Computes mean/median absolute standardized mean differences between observed and missing observations
smdi_asmd.Rd
This function takes a dataframe with covariates which are partially observed/missing and returns the median/average absolute standardized mean difference (asmd) and more details for every specified covariate in covar (if NULL all covariates with at least one NA are considered).
Important: don't include variables like ID variables, ZIP codes, dates, etc.
Arguments
- data
dataframe or tibble object with partially observed/missing variables
- covar
character covariate or covariate vector with partially observed variable/column name(s) to investigate. If NULL, the function automatically includes all columns with at least one missing observation and all remaining covariates will be used as predictors
- median
logical if the median (= TRUE; recommended default) or mean of all absolute standardized mean differences (asmd) should be computed
- includeNA
logical, should missingness of other partially observed covariates be explicitly modeled (default is FALSE)
- n_cores
integer, if >1, computations will be parallelized across amount of cores specified in n_cores (only UNIX systems)
Value
returns an asmd object with average/median absolute standardized mean differences. That is, for each covar, the following outputs are provided:
asmd_covar: name of covariate investigated
asmd_table1: detailed "table 1" illustrating distributions and differences of patient characteristics between those without (1) and with (0) observed covariate
asmd_plot: plot of absolute standardized mean differences (asmd) between patients without (1) and with (0) observed covariate (sorted by asmd)
asmd_aggregate: average/median absolute standardized mean difference (and min, max) of patient characteristics between those without (1) and with (0) observed covariate
Details
The asmd may be one indicator as to how much patient characteristics differ between patients with and without an observed value for a partially observed covariate.
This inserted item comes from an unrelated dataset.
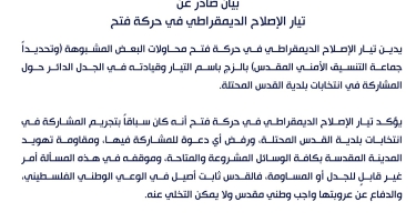 أدان تيار الإصلاح الديمقراطي في حركة فتح محاولات البعض المشبوهة (وتحديداً جماعة التنسيق الأمني المقدس) بالزج باسم التيار وقيادته في الجدل الدائر حول المشاركة في انتخابات بلدية القدس المحتلة.

If the median/average asmd is above a certain threshold this may indicate imbalance in patient covariate distributions which may be indicative of the partially observed covariate following a missing at random (MAR) mechanims, i.e. the missingness is explainable by other observed covariates. Similarly, no imbalance between observed covariates may be indicative that missingness cannot be explained with observed covariates and the underlying missingness mechanism may be completely at random (MCAR) or not at random (e.g. missingness is only associated with unobserved factors or through the partially observed covariate itself).
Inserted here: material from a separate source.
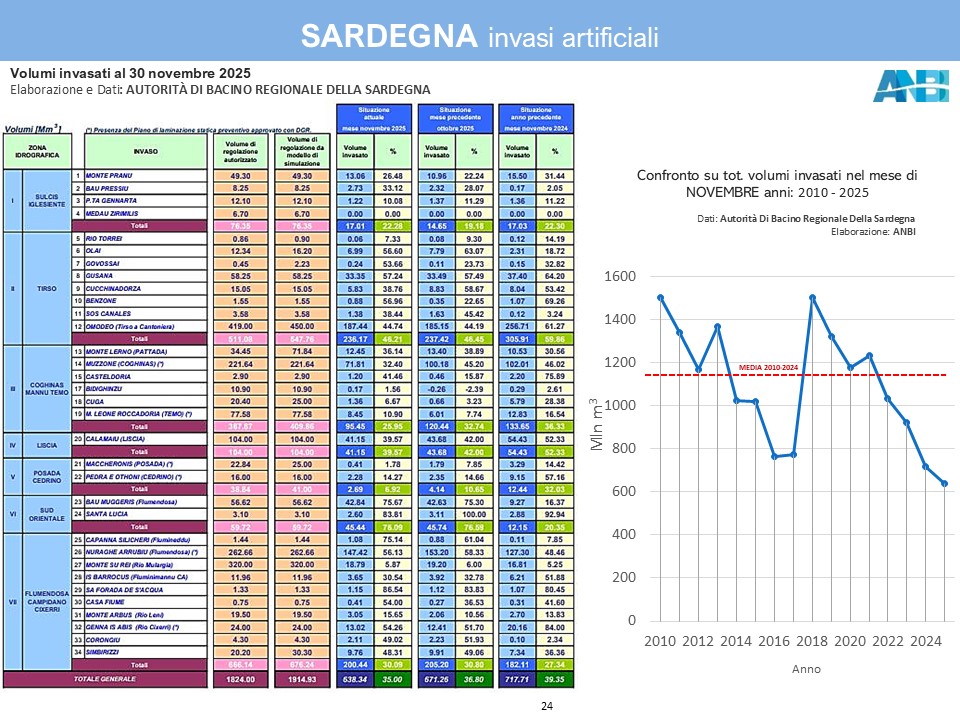 Se sulle Alpi la crisi climatica con l’innalzamento delle temperature sta provocando lo scioglimento dei ghiacciai, in Sardegna dopo due anni di siccità sta causando l’esaurimento dei bacini. Le foto realizzate dal satellite Copernicus Sentinel-2, evidenziano la gravità della situazione idrica, che continua ad attanagliare molti territori italiani. Emblematico è il progressivo prosciugamento del lago Omodeo, il più importante serbatoio sardo ed il più grande bacino artificiale d’Europa, autorizzato a contenere quasi 420 milioni di metri cubi d’acqua, ma che ora dopo la generalmente piovosa stagione autunnale ne trattiene solo poco più di 187 (il 44%), perdendo in soli 12 mesi un volume idrico pari a 69,27 milioni di m³ e addirittura 161,6 milioni di m³ rispetto al 2023.

A clear cut-off is hard to determine and analogues to propensity scores, some researchers have proposed that a standardized difference of 0.1 (10 per cent) denotes meaningful imbalance in the baseline covariate.
The asmd is computed for every covariate one-by-one and not jointly. If there is multivariate missingness, i.e. more than just one missing covariate exists, you can decide what should happen with the other partially observed 'predictor' covariates using the includeNA parameter. That is, if includeNA is set to FALSE (default), only the asmd between observed cases will be computed, and if includeNA is set to TRUE, missingness is modeled as an explicit category (categorical covariates only).
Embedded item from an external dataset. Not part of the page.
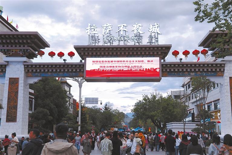 開街首日,藏式燈籠與LED光帶將整條街道裝點得宛如銀河落地,標志著拉薩正式邁入“全域全時旅游”新時代。

If any other behavior is desired, data transformations for example with the smdi_na_indicator
function, may make sense
before calling the function.
The dataframe should generally consist of the exposure variable, the outcome variable(s), the partially observed covariates
and all other fully observed covariates which are deemed important for the final modeling
and (optionally) which could be considered as auxiliary variables. If no partially observed covariates are provided,
the function automatically looks for all variables/columns with NA (powered by the smdi_summarize
function)
References
Austin PC. Balance diagnostics for comparing the distribution of baseline covariates between treatment groups in propensity-score matched samples. Stat Med. 2009 Nov 10;28(25):3083-107.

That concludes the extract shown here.